Sunday, February 22, 2009

International Banking Regulation, Squaring the Circle? by Hans Bernd Schaefer

My first job was to work for the management of a large German bank in Frankfurt, which for the right reasons does not exist any more. What I learned on the job was basically how to circumvent regulatory laws and the control of auditors.

At the time regulatory laws prohibited to lend more than a particular quota of equity capital to one debtor to avoid the concentration of risk. This rule was not more than a joke. The bank was grossly overexposed to an Asian government and received a higher interest for those credits. It established a subsidiary in Liechtenstein, which in Liechtenstein was not a bank but an ordinary and unregulated business. It lent money to this subsidiary, which again lent it to the Asian state. Thus the balance sheet was kept clean and the auditor made his check mark.

The bank had a subsidiary, which specialized in giving risky credits to foreign debtors. When I was there, it became clear that this subsidiary had accumulated a dangerously high amount of foul credits. Several of our team had nothing to do than to telephone and travel around the world to save a least part of them. On staff meetings this was a never ending but secret story.
A little later the bank sold this subsidiary to another German bank. For this purpose the subsidiary set up a balance sheet, approved by a large auditing firm. In this financial statement the foul credits appeared with their face value. The auditing firm had not gone through the files carefully enough to see that a foul apple was to be passed on to somebody else. The sold bank went bankrupt a year later and the CEO, who thought he had bought it for a bargain price was fired. The CEO who had sold it as well as the auditing firm had nothing to fear.

When my bank itself set up its balance sheet, it turned out that the profits were a bit low and that the owners would like to see higher profits. No problem. Another subsidiary was established, a real estate company, which bought estate from the bank at an overvalued price. Thus an additional nice profit showed up in the balance sheet and again the auditors accepted this as long as the overvaluation was not scandalously high. By the way, this and other, similar methods are used by managers, whose salaries exist in large parts of bonus payments.

Such practices played a big role in the global financial meltdown. And you can see how difficult it will be to regulate this internationally. It is even questionable, whether this is possible at all.

Financial regulatory agencies get sometimes captured by bank interests as well as by ideology. The IMF has played a disastrous role for many developing countries and countries in transition. Its mantra of “privatise, liberalise and stabilise”, the policy of the so called “Washington Consensus” has led to stagnation in Latin America and to collapse in Russia, because it overlooked the importance of institutions for a market economy. (See the writings of Acemoglu, Rodrick and others). Empirical studies (Frankel, Roubini) about IMF lending have revealed that the facts support better the bailout hypothesis than the stabilisation hypothesis. In other words, it is more likely that these credits were used to bail out banks, especially US banks than to stabilise the debtor countries. Should the IMF be trusted to oversee the world financial system for the benefit of the ordinary taxpayer? I have doubts.
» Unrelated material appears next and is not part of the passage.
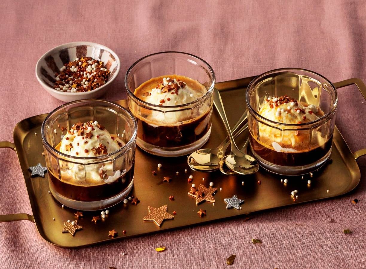 Haal het ijs uit de vriezer en laat in 10-15 min. op temperatuur komen. Schep met de ijsschep een bolletje ijs in een koffiekopje of -glaasje. Doe een koffiecapsule in de koffiemachine. Schenk de koffie, naar gewenste sterkte, over het ijs. Bestrooi met sterrenmix. Maak zo alle affogato’s. Serveer direct.

To reform large organisations is as difficult as to reform political parties or churches.

Assume that the problem of regulatory capture can be successfully solved. An international regulatory agency must have access to all financial data worldwide. Is this transparency at all possible? It might be possible to eliminate some white spots on the financial landscape for instance in Switzerland, Iceland or Estonia. But the main problem is not these unregulated havens, it is China. China has become the most important player in the world financial markets with foreign reserves of over 1.7 trillion dollars and a current account surplus of more than 370 billion dollars in 2008. Does anyone believe that the Chinese government will let an international regulatory agency look into its deck of cards? Chinese banks are state controlled and state owned. The government uses them to steer the economy and to make politics. China is a nation with a long standing tradition of secrecy. Its most fabulous monument is the “forbidden city”. Another important financial player is Saudi Arabia. Does anyone really believe that these two countries will open all of their books to international controllers?

A third question mark goes to the auditors. The scandals and omissions, in which they are involved and which they did not prevent have accumulated so much, that some people start asking, whether this profession is of any use at all. Here at least something can be done, sharpen the liability of auditors. I have proposed this in several articles before. So far liability does not work. Courts are reluctant to define due levels of care, which are different from those, which the auditors have defined for themselves. And courts set very and in my view unreasonably high hurdles for the proof of causation. In other words, courts prefer to make type-one-errors over making type-two-errors. They should and could strike the balance between both types of error better.

1 comment:

  1. The lack of resposibility is now obvious. The problem is even more eminent in banking sector as it benefits from, explicit or implicit, guarantees of the governement. Therefore, the agent-principal problem in banks is more serious than in other companies (like Enron for example).

    How to increase the liability of banks? By more strict regulations? I am thinking about the corporate structure: should banks be allowed to operate with limited liability? Or maybe the owners should be responsible without limits, like in partnerships? Won't it lead to greater amount of internal control over the management and less risky behavior of banks?